Table 2

 Areas for future research related to performance of flexible sigmoidoscopy

(1) What is the degree of adherence to recommended intervals between FS examinations among both gastroenterologists and non-gastroenterologists?
(2) Is there a clinically meaningful difference between a 5 year interval between FS examinations and a 10 year interval?
(3) What portion of the adenoma bearing cohort can safely have a follow up colonoscopy delayed until after the age of 60 years?
(4) Would a single FS between age 50–59 years successfully stratify the population according to subsequent risk of colorectal cancer, guiding the need for subsequent screening or surveillance?

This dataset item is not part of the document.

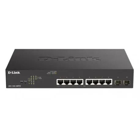 D-LINK switch DGS-1100-10MPV2 / MAX POE / 8-Port 100BaseTX Auto-Negotiating 10/100/1000Mbps Switch / 2 SFP 1000 Mbps / Fanless / 802.1Q VLAN / 802.1p QoS / IGMP snooping / Loopback detection
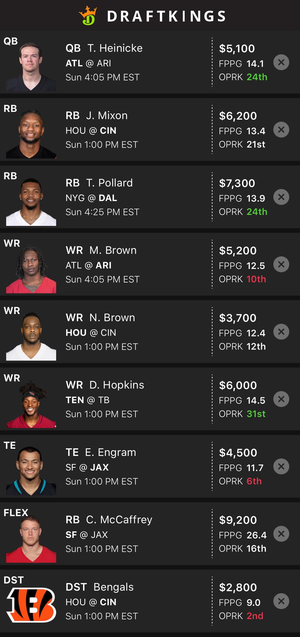 DraftKings Lineup

(5) What will be missed by delaying this initial examination until after the age of 60 years?
(6) How many examinations are necessary to achieve and maintain technical procedural competence?
(7) What defines a complete FS insertion, based on clinically important outcomes?
(8) What should be done when a screening FS is incomplete or suboptimal?
(9) What technical improvements could improve the ease, speed, and safety of FS?
(10) Do smaller diameter endoscopes improve FS performance or patient satisfaction?
(11) What is the preferred bowel preparation for flexible sigmoidoscopy, balancing preparation quality, patient satisfaction, and safety?
(12) Are there differences in rates of missed cancer or advanced lesions by non-physicians compared with generalist and specialist physicians?
(13) Do patient preferences vary for physician v non-physician providers of FS?
(14) To what degree do office based primary care providers performing FS adhere to endoscope reprocessing guidelines?
(15) What is the incidence of preventable transmissible infection related to FS procedures and are these events related to inadequate compliance with reprocessing guidelines?
(16) Can disposable sheath endoscopes be a feasible means of delivering flexible sigmoidoscopy in high volume with reduced risk of transmitting infection?